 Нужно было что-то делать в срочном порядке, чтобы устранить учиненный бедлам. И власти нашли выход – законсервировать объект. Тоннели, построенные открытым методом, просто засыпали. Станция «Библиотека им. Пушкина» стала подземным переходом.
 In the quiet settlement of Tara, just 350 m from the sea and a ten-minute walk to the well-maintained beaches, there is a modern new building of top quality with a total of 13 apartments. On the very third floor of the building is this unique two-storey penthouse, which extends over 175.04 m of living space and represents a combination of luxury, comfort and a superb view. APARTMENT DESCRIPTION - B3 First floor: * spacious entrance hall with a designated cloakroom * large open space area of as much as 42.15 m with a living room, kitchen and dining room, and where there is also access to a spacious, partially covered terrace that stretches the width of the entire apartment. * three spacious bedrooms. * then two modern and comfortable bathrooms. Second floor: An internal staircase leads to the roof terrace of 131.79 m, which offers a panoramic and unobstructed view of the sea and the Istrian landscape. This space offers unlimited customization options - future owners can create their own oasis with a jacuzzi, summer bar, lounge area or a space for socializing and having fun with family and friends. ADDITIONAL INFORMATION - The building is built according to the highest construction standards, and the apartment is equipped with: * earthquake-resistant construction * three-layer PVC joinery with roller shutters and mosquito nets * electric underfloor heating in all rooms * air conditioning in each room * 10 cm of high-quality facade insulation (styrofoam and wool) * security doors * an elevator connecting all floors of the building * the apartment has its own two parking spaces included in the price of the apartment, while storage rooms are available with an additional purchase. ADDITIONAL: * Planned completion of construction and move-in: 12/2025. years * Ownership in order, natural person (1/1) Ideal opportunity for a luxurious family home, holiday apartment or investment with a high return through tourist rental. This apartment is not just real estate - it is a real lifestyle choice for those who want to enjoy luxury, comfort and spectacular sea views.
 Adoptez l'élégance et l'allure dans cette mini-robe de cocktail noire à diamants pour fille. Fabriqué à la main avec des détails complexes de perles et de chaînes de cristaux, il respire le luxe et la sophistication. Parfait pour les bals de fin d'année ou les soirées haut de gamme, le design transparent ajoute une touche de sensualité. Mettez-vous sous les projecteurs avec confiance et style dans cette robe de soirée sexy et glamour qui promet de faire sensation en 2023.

Task prompt: In this exercise, the data above is to be printed exactly.

Output for this exercise:
 Нужно было что-то делать в срочном порядке, чтобы устранить учиненный бедлам. И власти нашли выход – законсервировать объект. Тоннели, построенные открытым методом, просто засыпали. Станция «Библиотека им. Пушкина» стала подземным переходом.
 In the quiet settlement of Tara, just 350 m from the sea and a ten-minute walk to the well-maintained beaches, there is a modern new building of top quality with a total of 13 apartments. On the very third floor of the building is this unique two-storey penthouse, which extends over 175.04 m of living space and represents a combination of luxury, comfort and a superb view. APARTMENT DESCRIPTION - B3 First floor: * spacious entrance hall with a designated cloakroom * large open space area of as much as 42.15 m with a living room, kitchen and dining room, and where there is also access to a spacious, partially covered terrace that stretches the width of the entire apartment. * three spacious bedrooms. * then two modern and comfortable bathrooms. Second floor: An internal staircase leads to the roof terrace of 131.79 m, which offers a panoramic and unobstructed view of the sea and the Istrian landscape. This space offers unlimited customization options - future owners can create their own oasis with a jacuzzi, summer bar, lounge area or a space for socializing and having fun with family and friends. ADDITIONAL INFORMATION - The building is built according to the highest construction standards, and the apartment is equipped with: * earthquake-resistant construction * three-layer PVC joinery with roller shutters and mosquito nets * electric underfloor heating in all rooms * air conditioning in each room * 10 cm of high-quality facade insulation (styrofoam and wool) * security doors * an elevator connecting all floors of the building * the apartment has its own two parking spaces included in the price of the apartment, while storage rooms are available with an additional purchase. ADDITIONAL: * Planned completion of construction and move-in: 12/2025. years * Ownership in order, natural person (1/1) Ideal opportunity for a luxurious family home, holiday apartment or investment with a high return through tourist rental. This apartment is not just real estate - it is a real lifestyle choice for those who want to enjoy luxury, comfort and spectacular sea views.
 Adoptez l'élégance et l'allure dans cette mini-robe de cocktail noire à diamants pour fille. Fabriqué à la main avec des détails complexes de perles et de chaînes de cristaux, il respire le luxe et la sophistication. Parfait pour les bals de fin d'année ou les soirées haut de gamme, le design transparent ajoute une touche de sensualité. Mettez-vous sous les projecteurs avec confiance et style dans cette robe de soirée sexy et glamour qui promet de faire sensation en 2023.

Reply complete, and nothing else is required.